UlasanAnime.com – The question of whether Aniplex USA’s special import business poses a threat to budget-conscious anime fans is a complex one, often fueled by speculation and concern within the community. While some fear that these releases signal a trend towards higher prices, a closer examination suggests a more nuanced business strategy at play.

The core of the concern stems from Aniplex USA’s practice of offering what are essentially Japanese releases, bundled with store-specific bonuses like translation booklets, often exclusively through retailers like RightStuf. This leads to the perception that consumers might eventually be forced to pay Japanese prices for these typically premium goods.
This line of thinking is frequently echoed by fans who spend a significant amount of time discussing and dissecting anime industry practices, particularly on forums. Their default reaction is often one of worry. However, it’s crucial to investigate whether these concerns hold any real merit.
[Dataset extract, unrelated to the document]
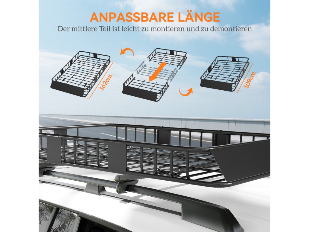 - Rychlá montáž: Montáž střešního nosiče na automobil zabere jen několik minut. Nastavitelná délka nosiče zavazadel.

It has been about a year since the controversial release of the first Kara no Kyoukai box set. Since then, Aniplex USA has introduced a few other similar SKUs, with the first Fate/Zero box set following the same pattern of an expensive, specialized release. These releases can be understood as low-risk experiments designed to gauge the size of the “import” market.
The “low-risk” aspect is key here. It means Aniplex isn’t investing heavily in terms of both finances and potential goodwill. By “import market,” the author refers not only to those savvy enough to navigate Japanese online retailers like Amazon Japan or HMV but also to consumers willing to spend a significant amount on deluxe editions, provided there’s sufficient guidance to meet their expectations as “normal” customers.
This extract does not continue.